Happy Time Go Fast is a book not about the destination, but the journey. I still don’t know where I’ve landed on the scale of teaching prowess. But what I do know is how I got there. The journey has changed me. What originally turned out as a way to subsidize an adventurous life overseas, has slowly become a passion. I thought I’d be the last person to say that a job would in fact be my calling. But up until I started teaching, I had never really been listening.
My teaching experience in Korea has taught me invaluable lessons. The beginning of my journey took me over some rough bumps, and I’ve highlighted those moments to illustrate some of the challenges that I faced when it came to discipline and classroom management. I think it’s important in understanding how I’ve ‘matured’ so to speak. Being new to the ESL profession, I was no more susceptible to making mistakes than the students. I realize this doesn’t always paint me in a very favorable light, but I’m not writing this to tell you how wonderful I am. Although at other times I may seem pompous with self praise. But that’s what teaching is. You have good days, and you have bad days. That’s life!
Happy Time Go Fast is the first of a three book series called Do U English? These books capture my own personal experience of teaching English abroad, and should be viewed as being completely subjective. I’ve attempted to write about my experience openly, honestly, and to the best of my recollection. I’ve also tried to inject some humor when applicable. The purpose of this book is not to persuade people to teach, or even dissuade them from teaching. It’s not to criticize other cultures, nor promote living abroad. It’s simply to share my experience. More specifically, Happy Time Go Fast is meant to shed some light into the life of an ESL teacher in Korea.
The bell rang! It was time to get my game face on. At the beginning of class I was usually over exuberant, like a horse giving it a bit too much out of the starting gate. The teaching day was a marathon, not a sprint. This was the first thing I had to learn, because on some days it felt like I never even finished the race.
I had only been in South Korea for a couple of weeks, and still hadn’t adjusted to being stared at. The kids in class would give me bewildered looks, perhaps it was because I didn’t quite fit into my new role as teacher, and they could tell. Was I standing vertically enough? Should I be holding a book to authenticate my position? Of course it didn’t help that my voice occasionally cracked when I tried to project it throughout the room. I was a newbie in the ESL (English as a Second Language) profession. There was no secret about it.
Sticking to the game plan, the first thing I did was take attendance. With only nine kids in the class it would have been easy to do a head count, but calling out their names became a way to engage the class.

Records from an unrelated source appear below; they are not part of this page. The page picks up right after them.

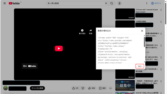 このコードを自身のサイトにペーストするだけで、サイト上で直接動画を再生させることができます。
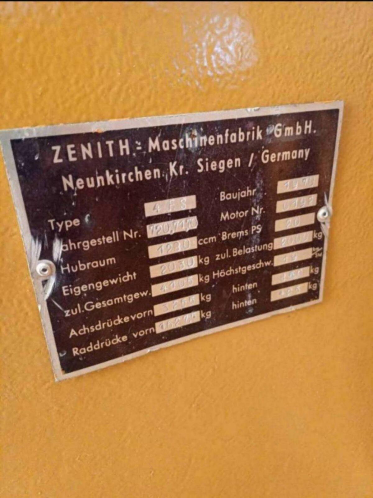 Zenith Hubgerät, Bj. 1970, Eigengewicht 2.050 kg, hinterradgelenkt. Läuft ohne Probleme, wie auch das Starten und Fahren, Kuppeln usw., Bremse zieht eventuell leicht einseitig. Im kalten Zustand, beim schweren Heben, heult die Hydraulik, denke so auch im warmen Zustand. Es ist ein Parallelhubgerät. Was neu gemacht wurde: Dieselleitungen, Diesel-Leitungsfilter, Dieseltank gereinigt, neues Zündschloss mit Reserveschlüssel, neu gestrichen mit originaler Caterpillar-Farbe, natürlich mit Grundierung und Härter gearbeitet, 1 x neuen LED-Arbeitsscheinwerfer montiert H + V, Grammer Sitz gebraucht. Wird als Bastlerfahrzeug verkauft. Dem Alter entsprechend.
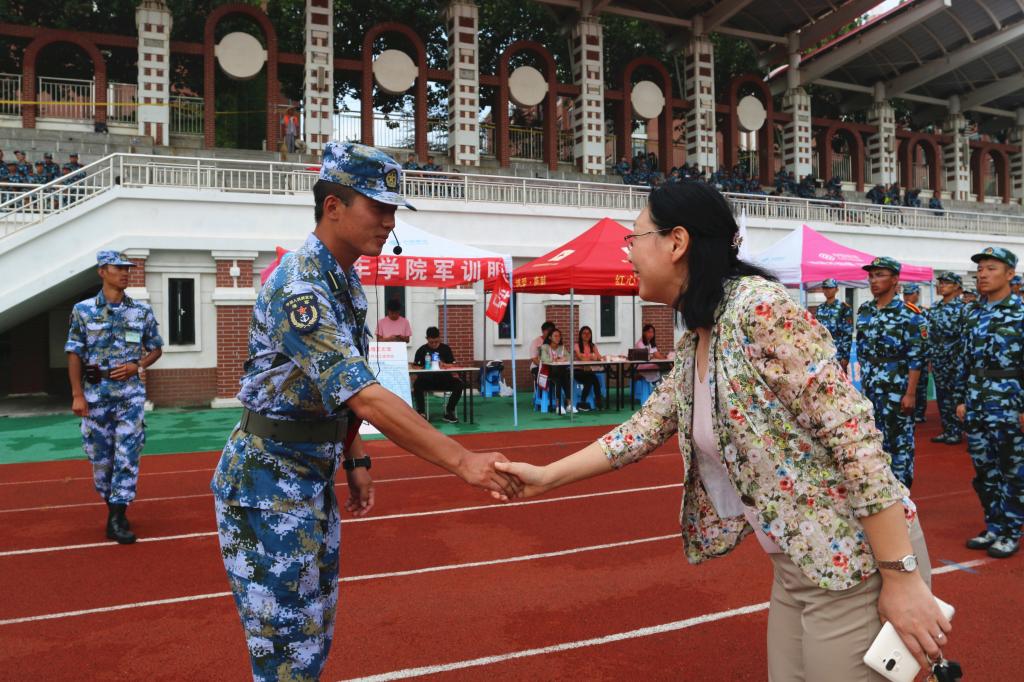 公司领导到达训练场后,在随训辅导员老师的带领下,岳丽宏书记一行人依次走访了正在场上进行训练的七个员工连队,与每一位教官握手以示感谢,同时也对每一位正在认真训练的同学表示肯定和鼓励,同学们对于领导、老师们的关怀表现出极大的热情和感激。随后,岳丽宏,郭峰为每一位教官送上暖心礼品,以此表达对各位教官军训期间认真负责的赞许及辛勤付出的感谢,并与各教官合影留念。最后,岳丽宏也不忘对随训辅导员老师们表示关心,感谢他们一直以来的辛勤陪伴。
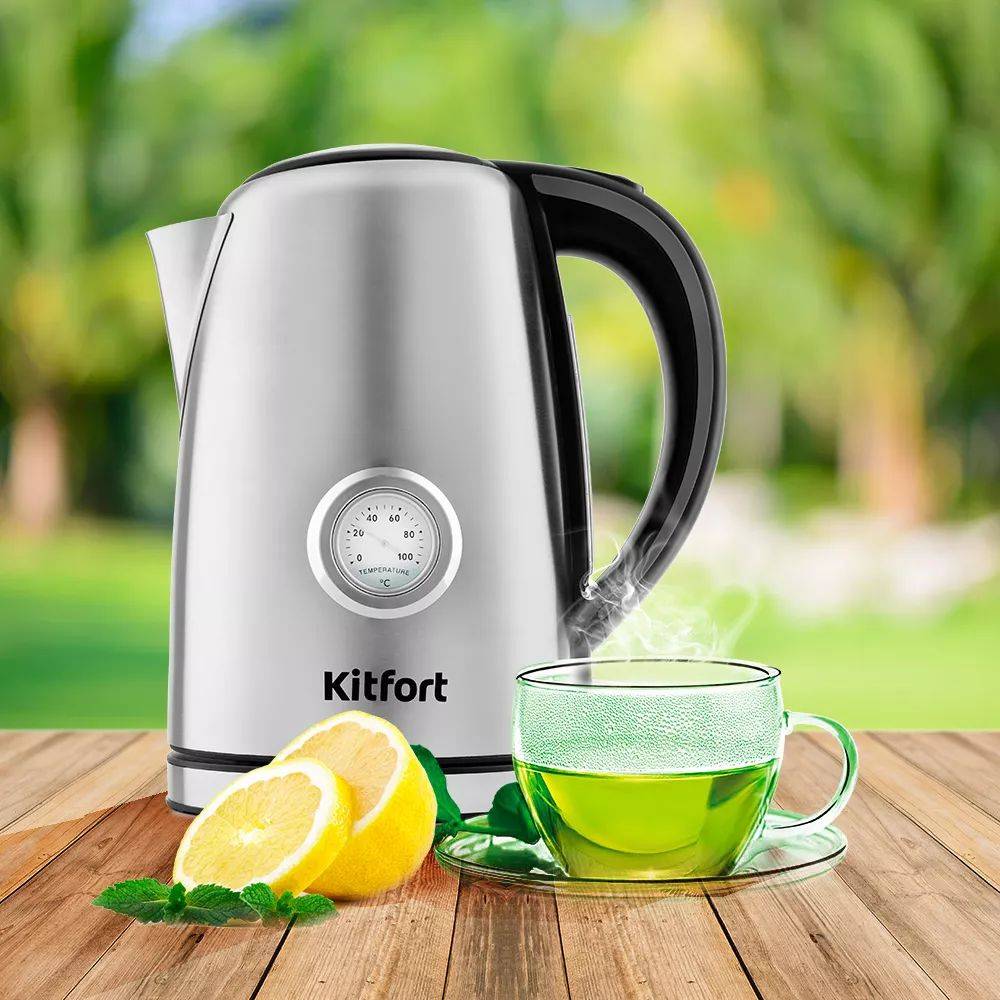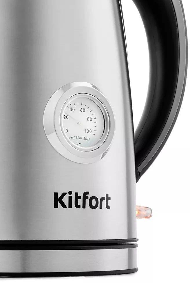 ОсобенностиНа корпусе чайника Kitfort KT-676 расположен термометр, который показывает температуру воды. Это удобно, если вы готовите напитки, для которых требуются определенная температура воды, например, зеленый чай, белый чай, кофе и т. д.

“Tarzan!” I said loudly. A lanky little boy with glasses raised his hand. He didn’t look like any ‘Lord of the Jungle,’ more like ‘Lord of the Rings’ since he was the size of a hobbit. However, he was sitting next to his counterpart.

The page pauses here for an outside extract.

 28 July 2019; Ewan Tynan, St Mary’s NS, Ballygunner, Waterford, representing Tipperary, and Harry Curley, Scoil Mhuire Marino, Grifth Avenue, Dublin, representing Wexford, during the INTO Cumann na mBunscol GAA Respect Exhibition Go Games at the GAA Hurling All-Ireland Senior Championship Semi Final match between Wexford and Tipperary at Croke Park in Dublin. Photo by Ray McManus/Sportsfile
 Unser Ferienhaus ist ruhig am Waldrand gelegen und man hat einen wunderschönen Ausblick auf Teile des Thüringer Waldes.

“Here,” replied the squeaky voice of a small girl whose feet didn’t quite manage to reach the floor. In order to make it easier to remember names, I asked that all students assume an English name. This is very common in Korea, perhaps part of the subculture of their English education. Most of the kids already had a name, such as Jane. If they didn’t have one, I helped them chose a name of their liking and got to be creative in the process. Tarzan was very proud of the name I gave him, though I don’t think he knew he was part of a couple.
“Jennifer!” – “Here!”
“Tom!” – “Here!”
“Jerry! – “Yes!” They were another dynamic duo, and would even chase each other around just like the cartoon.
“Angella!” – “Here!”
“Harry!” – “Yes!”
“Gina!” – “Here!”
“DY – NO – MITE!” I bellowed in a loud silly voice. The little boy just raised his hand without acknowledging my antics. I think he found the joke to be getting old, though I still got smiles from some of the other kids. Dynomite chose his own name, believe it or not, even if he did spell it wrong. I asked him if he wanted to switch out the O for an A, but he adamantly refused.

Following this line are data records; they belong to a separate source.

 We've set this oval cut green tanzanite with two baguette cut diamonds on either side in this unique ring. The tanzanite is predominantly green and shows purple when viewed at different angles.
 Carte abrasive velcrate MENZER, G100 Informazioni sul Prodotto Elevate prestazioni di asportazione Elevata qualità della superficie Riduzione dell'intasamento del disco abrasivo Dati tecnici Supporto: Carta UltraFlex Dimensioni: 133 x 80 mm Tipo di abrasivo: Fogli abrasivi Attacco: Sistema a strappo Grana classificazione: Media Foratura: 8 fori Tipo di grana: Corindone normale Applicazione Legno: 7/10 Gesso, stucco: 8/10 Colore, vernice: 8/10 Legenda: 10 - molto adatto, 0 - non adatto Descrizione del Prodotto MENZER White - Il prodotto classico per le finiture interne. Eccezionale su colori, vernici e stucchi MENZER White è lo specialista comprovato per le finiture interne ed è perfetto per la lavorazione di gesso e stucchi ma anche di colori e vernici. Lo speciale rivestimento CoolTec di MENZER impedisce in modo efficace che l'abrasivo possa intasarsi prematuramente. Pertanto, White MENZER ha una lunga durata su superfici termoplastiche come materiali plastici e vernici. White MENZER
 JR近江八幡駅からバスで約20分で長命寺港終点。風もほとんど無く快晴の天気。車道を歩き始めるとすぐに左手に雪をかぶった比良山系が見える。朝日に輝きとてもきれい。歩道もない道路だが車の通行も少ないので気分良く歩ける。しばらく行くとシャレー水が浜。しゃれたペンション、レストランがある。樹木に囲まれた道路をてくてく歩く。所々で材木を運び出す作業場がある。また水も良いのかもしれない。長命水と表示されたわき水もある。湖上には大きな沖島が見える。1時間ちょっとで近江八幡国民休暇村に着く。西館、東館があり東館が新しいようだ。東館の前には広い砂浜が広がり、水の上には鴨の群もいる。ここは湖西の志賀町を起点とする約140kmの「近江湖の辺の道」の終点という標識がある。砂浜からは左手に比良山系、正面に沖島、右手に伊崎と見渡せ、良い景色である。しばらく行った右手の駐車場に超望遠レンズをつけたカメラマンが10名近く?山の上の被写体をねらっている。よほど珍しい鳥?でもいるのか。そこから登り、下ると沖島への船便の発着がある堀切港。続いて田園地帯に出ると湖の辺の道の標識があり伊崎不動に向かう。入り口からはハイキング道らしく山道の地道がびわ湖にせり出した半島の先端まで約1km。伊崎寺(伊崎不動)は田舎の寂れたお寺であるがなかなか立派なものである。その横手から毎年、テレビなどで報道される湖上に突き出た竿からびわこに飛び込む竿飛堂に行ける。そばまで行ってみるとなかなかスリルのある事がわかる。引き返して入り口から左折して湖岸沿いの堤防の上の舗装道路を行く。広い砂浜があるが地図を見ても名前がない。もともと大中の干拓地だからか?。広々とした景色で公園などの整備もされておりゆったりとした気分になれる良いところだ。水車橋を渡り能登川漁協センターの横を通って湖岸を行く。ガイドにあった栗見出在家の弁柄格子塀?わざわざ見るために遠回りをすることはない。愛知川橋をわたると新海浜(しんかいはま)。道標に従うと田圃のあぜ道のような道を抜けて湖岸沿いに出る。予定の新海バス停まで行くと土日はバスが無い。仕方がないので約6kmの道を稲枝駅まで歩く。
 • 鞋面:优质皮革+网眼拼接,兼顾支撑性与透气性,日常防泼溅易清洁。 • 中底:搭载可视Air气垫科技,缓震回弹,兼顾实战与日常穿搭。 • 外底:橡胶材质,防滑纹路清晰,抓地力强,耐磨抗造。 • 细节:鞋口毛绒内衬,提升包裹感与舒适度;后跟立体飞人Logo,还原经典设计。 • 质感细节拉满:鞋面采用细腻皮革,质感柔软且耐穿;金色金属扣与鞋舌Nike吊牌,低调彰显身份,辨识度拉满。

After checking off that everyone was present, class began. Of all my classes, this was probably the worst in terms of effort and behavior. This group of elementary school students could be a bit rambunctious. Perhaps they were a little too comfortable with each other. But it was only our fifth class together so it was too early to tell how our teacher-student relationship would unfold.
On this fateful October evening we were doing a lesson on comparative adjectives. The pre-packaged lesson plan – I didn’t make it – was mapped out for me on two sheets of paper. Specifically, the material focused on the endings that adjectives receive when comparing two or more things. The lesson plan showed that for short, one-syllable words like tall, fast, and smart, adjectives will get an –er ending: taller, faster, smarter. For larger words, with two or more syllables, we place the word ‘more’ before the adjective: more handsome, more beautiful, more interesting. This was simple enough. However, I mildly veered off course with some of my own example sentences. In orientation we learned that it’s beneficial to use contextual things – stuff they know – when providing examples for the kids. Therefore, I used myself and the other students as examples. I wrote a sentence on the board and underlined the adjective, as well as the word ‘than’ to reinforce that it always follows the comparative form.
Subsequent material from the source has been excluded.